The most popular algorithms used in unsupervised learning are clustering algorithms. Clustering algorithms are used to group samples into a number of classes or clusters based on the distances of the given sample features. Therefore, how to define the distance between samples is important for the clustering algorithm. Traditional clustering algorithms are generally based on the Mahalanobis distance and Minkowski distance, which have difficulty dealing with set-based data and uncertain nonlinear data. To solve this problem, we propose the granular vectors relative distance and granular vectors absolute distance based on the neighborhood granule operation. Further, the neighborhood granular meanshift clustering algorithm is also proposed. Finally, the effectiveness of neighborhood granular meanshift clustering is proved from two aspects of internal metrics (Accuracy and Fowlkes–Mallows Index) and external metric (Silhouette Coeffificient) on multiple datasets from UC Irvine Machine Learning Repository (UCI).
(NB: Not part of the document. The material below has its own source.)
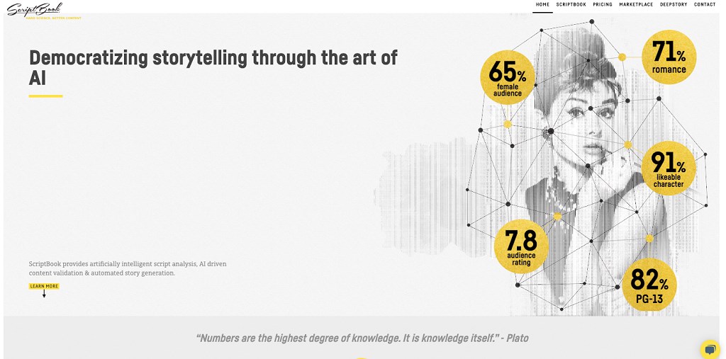 2015年成立的比利時人工智慧公司ScriptBook,專攻劇本分析。只要上傳劇本至ScriptBook系統,6分鐘內就能完成分析、獲得詳細數據,包含角色魅力量表、目標族群預測、觀眾滿意度指數等。ScriptBook也曾用演算法預測過去兩年上映電影的國際票房收益,準確率高達86%,相當驚人。

We find that the granular meanshift clustering algorithm has a better clustering effect than the traditional clustering algorithms, such as Kmeans, Gaussian Mixture and so on.

Suggested Citation

  • Qiangqiang Chen & Linjie He & Yanan Diao & Kunbin Zhang & Guoru Zhao & Yumin Chen, 2022. "A Novel Neighborhood Granular Meanshift Clustering Algorithm," Mathematics, MDPI, vol. 11(1), pages 1-15, December.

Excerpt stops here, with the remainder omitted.